▸ **WHAT YOU ARE ASKED TO DO**: Reproduce the opening lines of the listing below exactly, stopping after the line that contains "Affirmez votre style" and leaving out any pictures.

▸ **RECORDED DATA**:

━━━━━━

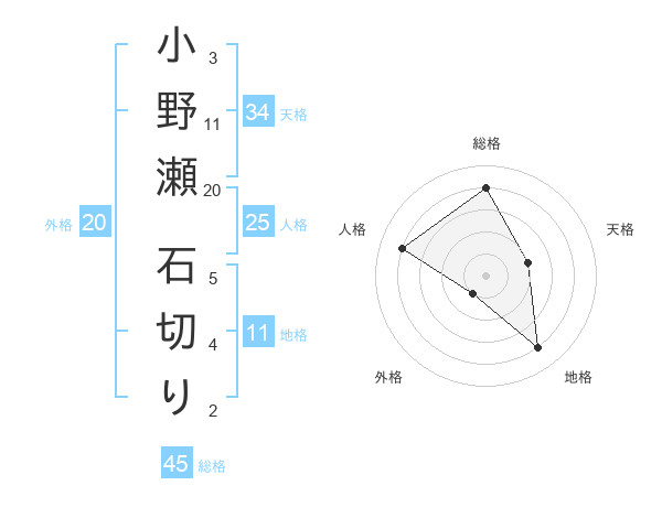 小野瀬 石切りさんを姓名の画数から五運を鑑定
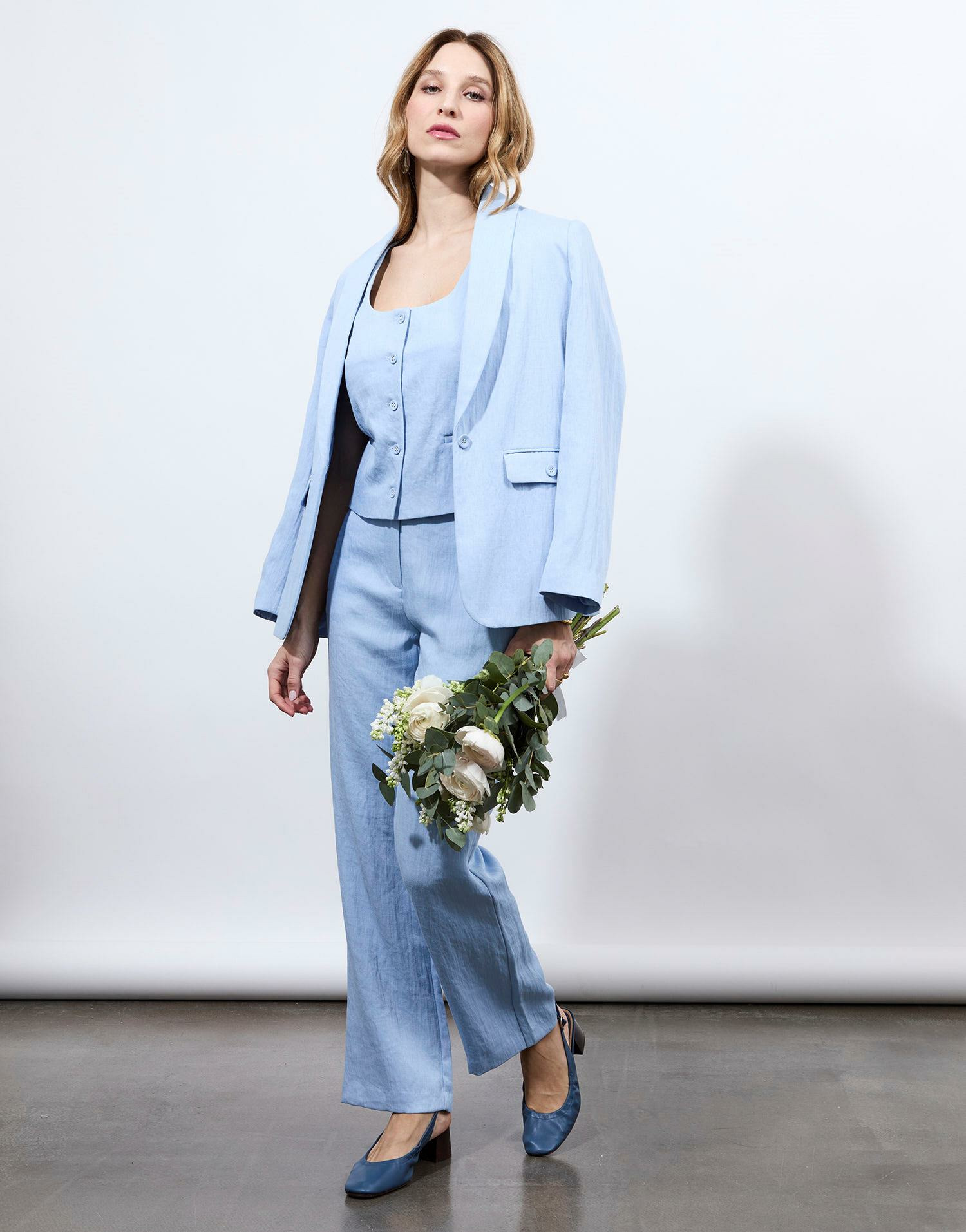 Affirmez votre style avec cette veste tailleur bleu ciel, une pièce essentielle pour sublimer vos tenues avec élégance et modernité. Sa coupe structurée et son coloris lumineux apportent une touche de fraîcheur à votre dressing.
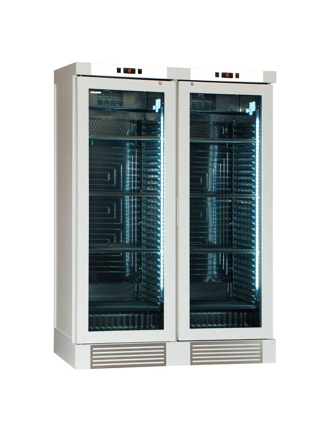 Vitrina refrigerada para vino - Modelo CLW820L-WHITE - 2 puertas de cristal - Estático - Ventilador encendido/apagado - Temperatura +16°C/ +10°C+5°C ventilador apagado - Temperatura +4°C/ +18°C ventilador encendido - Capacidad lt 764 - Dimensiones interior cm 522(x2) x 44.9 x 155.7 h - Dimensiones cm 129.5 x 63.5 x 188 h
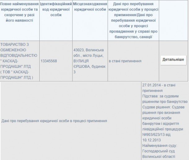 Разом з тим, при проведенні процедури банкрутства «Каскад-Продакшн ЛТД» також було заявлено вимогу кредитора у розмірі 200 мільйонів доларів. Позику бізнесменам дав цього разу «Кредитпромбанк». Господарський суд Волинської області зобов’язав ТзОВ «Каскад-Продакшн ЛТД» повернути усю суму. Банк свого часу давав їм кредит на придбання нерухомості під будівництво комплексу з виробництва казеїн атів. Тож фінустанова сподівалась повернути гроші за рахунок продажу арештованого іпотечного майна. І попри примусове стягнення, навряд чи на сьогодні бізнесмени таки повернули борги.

━━━━━━

▸ **SOLUTION TO THE PROBLEM**:
 小野瀬 石切りさんを姓名の画数から五運を鑑定
 Affirmez votre style avec cette veste tailleur bleu ciel, une pièce essentielle pour sublimer vos tenues avec élégance et modernité. Sa coupe structurée et son coloris lumineux apportent une touche de fraîcheur à votre dressing.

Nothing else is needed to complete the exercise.